Output what the records say, word for word, with no images.

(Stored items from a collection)
__________
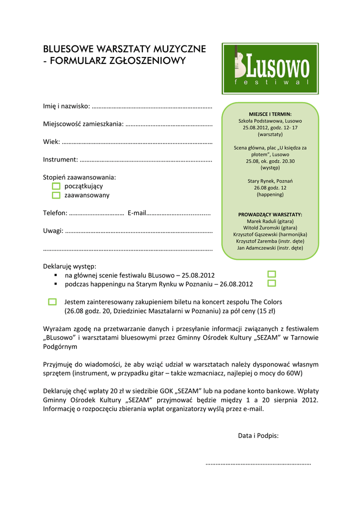 BLUESOWE WARSZTATY MUZYCZNE - FORMULARZ ZGŁOSZENIOWY Imię i nazwisko: ……………………………………………………………… Miejscowość zamieszkania: ……………………………………………. Wiek: ……………………………………………………………………………… Instrument: ……………………………………………………………………. Stopień zaawansowania: początkujący zaawansowany MIEJSCE I TERMIN: Szkoła Podstawowa, Lusowo 25.08.2012, godz. 12- 17 (warsztaty) Scena główna, plac „U księdza za płotem”, Lusowo 25.08, ok. godz. 20.30 (występ) Stary Rynek, Poznań 26.08 godz. 12 (happening) Telefon: …………………………… E-mail…………………................ Uwagi: ……………………………………………………………………………. ……………………………………………………………………………………….. PROWADZĄCY WARSZTATY: Marek Raduli (gitara) Witold Żuromski (gitara) Krzysztof Gąszewski (harmonijka) Krzysztof Zaremba (instr. dęte) Jan Adamczewski (instr. dęte) Deklaruję występ: na głównej scenie festiwalu BLusowo – 25.08.2012 podczas happeningu na Starym Rynku w Poznaniu – 26.08.2012 Jestem zainteresowany zakupieniem biletu na koncert zespołu The Colors (26.08 godz. 20, Dziedziniec Masztalarni w Poznaniu) za pół ceny (15 zł) Wyrażam zgodę na przetwarzanie danych i przesyłanie informacji związanych z festiwalem „BLusowo” i warsztatami bluesowymi przez Gminny Ośrodek Kultury „SEZAM” w Tarnowie Podgórnym Przyjmuję do wiadomości, że aby wziąć udział w warsztatach należy dysponować własnym sprzętem (instrument, w przypadku gitar – także wzmacniacz, najlepiej o mocy do 60W) Deklaruję chęć wpłaty 20 zł w siedzibie GOK „SEZAM” lub na podane konto bankowe. Wpłaty Gminny Ośrodek Kultury „SEZAM” przyjmować będzie między 1 a 20 sierpnia 2012. Informację o rozpoczęciu zbierania wpłat organizatorzy wyślą przez e-mail. Data i Podpis: ………………………………………………………
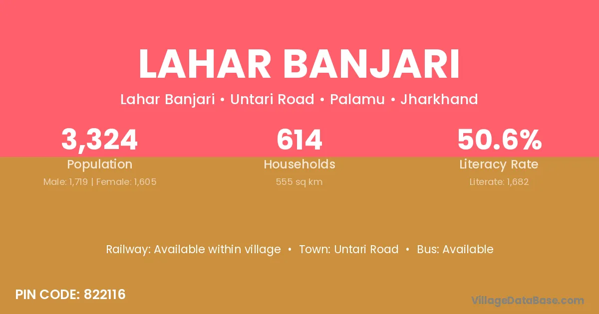 Lahar Banjari village has a total population of 3,324 people, of which 1,719 are males and 1,605 are females.
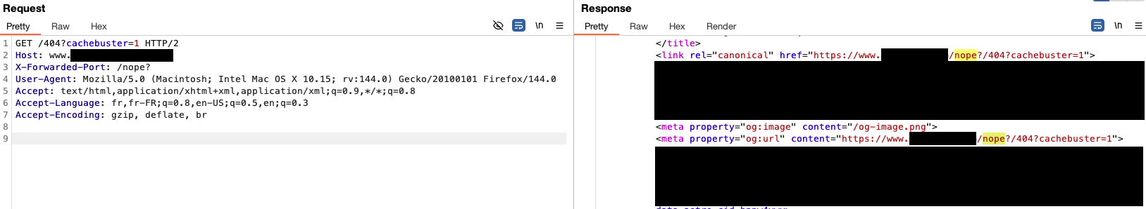 As mentioned earlier, a security advisory was published last month regarding the X-Forwarded-Host header. After finishing the writing of this paper, which required diving back into the specs to properly source everything, we decided to take a closer look at the patch for the CVE-2025-61925. The patch was bypassed in five minutes flat. It goes to show that sometimes it’s just a matter of timing: having the right details freshly in mind, along with the perfect situation to put them into practice.
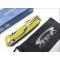 Le couteau SRM 7228 avec manche jaune en G10 est une belle découverte. Les finitions sont bonnes, la lame est bien épaisse, très bien affutée sortie d'usine. Le mécanisme de verrou est solide et il n'y a aucun jeu de lame. Le système d'ouverture de type disque de pouce est souple, un peu difficile au début mais parce que l'ensemble est bien monté et qu'il faut s'habituer à la manœuvre. Une fois que c'est fait, on découvre une détente franche et rapide. La fermeture est fluide, presque comme avec un drop-shut.
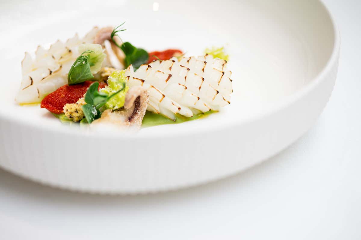 La cena in anteprima si è aperta con una entrée di alto livello, pur dal nome apparentemente semplice, ma che presenta complessità e sapori inaspettati solo per chi non conosce lo chef Esposito: seppia e piselli. Si tratta di un piatto in cui nessun elemento viene sprecato: l’osso essiccato della seppia viene grattugiato come elemento di sapidità, mentre i piselli in varie consistenze permettono di giocare con i sapori del piatto che, uniti con la menta, regalano una nota balsamica, mentre con i baccelli si fa il brodo utilizzato per la cottura della seppia. Ad esaltare il piatto un Fiano di Avellino Docg della Tenuta Scuotto.
__________
» Answer section:
 BLUESOWE WARSZTATY MUZYCZNE - FORMULARZ ZGŁOSZENIOWY Imię i nazwisko: ……………………………………………………………… Miejscowość zamieszkania: ……………………………………………. Wiek: ……………………………………………………………………………… Instrument: ……………………………………………………………………. Stopień zaawansowania: początkujący zaawansowany MIEJSCE I TERMIN: Szkoła Podstawowa, Lusowo 25.08.2012, godz. 12- 17 (warsztaty) Scena główna, plac „U księdza za płotem”, Lusowo 25.08, ok. godz. 20.30 (występ) Stary Rynek, Poznań 26.08 godz. 12 (happening) Telefon: …………………………… E-mail…………………................ Uwagi: ……………………………………………………………………………. ……………………………………………………………………………………….. PROWADZĄCY WARSZTATY: Marek Raduli (gitara) Witold Żuromski (gitara) Krzysztof Gąszewski (harmonijka) Krzysztof Zaremba (instr. dęte) Jan Adamczewski (instr. dęte) Deklaruję występ: na głównej scenie festiwalu BLusowo – 25.08.2012 podczas happeningu na Starym Rynku w Poznaniu – 26.08.2012 Jestem zainteresowany zakupieniem biletu na koncert zespołu The Colors (26.08 godz. 20, Dziedziniec Masztalarni w Poznaniu) za pół ceny (15 zł) Wyrażam zgodę na przetwarzanie danych i przesyłanie informacji związanych z festiwalem „BLusowo” i warsztatami bluesowymi przez Gminny Ośrodek Kultury „SEZAM” w Tarnowie Podgórnym Przyjmuję do wiadomości, że aby wziąć udział w warsztatach należy dysponować własnym sprzętem (instrument, w przypadku gitar – także wzmacniacz, najlepiej o mocy do 60W) Deklaruję chęć wpłaty 20 zł w siedzibie GOK „SEZAM” lub na podane konto bankowe. Wpłaty Gminny Ośrodek Kultury „SEZAM” przyjmować będzie między 1 a 20 sierpnia 2012. Informację o rozpoczęciu zbierania wpłat organizatorzy wyślą przez e-mail. Data i Podpis: ………………………………………………………
 Lahar Banjari village has a total population of 3,324 people, of which 1,719 are males and 1,605 are females.
 As mentioned earlier, a security advisory was published last month regarding the X-Forwarded-Host header. After finishing the writing of this paper, which required diving back into the specs to properly source everything, we decided to take a closer look at the patch for the CVE-2025-61925. The patch was bypassed in five minutes flat. It goes to show that sometimes it’s just a matter of timing: having the right details freshly in mind, along with the perfect situation to put them into practice.
 Le couteau SRM 7228 avec manche jaune en G10 est une belle découverte. Les finitions sont bonnes, la lame est bien épaisse, très bien affutée sortie d'usine. Le mécanisme de verrou est solide et il n'y a aucun jeu de lame. Le système d'ouverture de type disque de pouce est souple, un peu difficile au début mais parce que l'ensemble est bien monté et qu'il faut s'habituer à la manœuvre. Une fois que c'est fait, on découvre une détente franche et rapide. La fermeture est fluide, presque comme avec un drop-shut.
 La cena in anteprima si è aperta con una entrée di alto livello, pur dal nome apparentemente semplice, ma che presenta complessità e sapori inaspettati solo per chi non conosce lo chef Esposito: seppia e piselli. Si tratta di un piatto in cui nessun elemento viene sprecato: l’osso essiccato della seppia viene grattugiato come elemento di sapidità, mentre i piselli in varie consistenze permettono di giocare con i sapori del piatto che, uniti con la menta, regalano una nota balsamica, mentre con i baccelli si fa il brodo utilizzato per la cottura della seppia. Ad esaltare il piatto un Fiano di Avellino Docg della Tenuta Scuotto.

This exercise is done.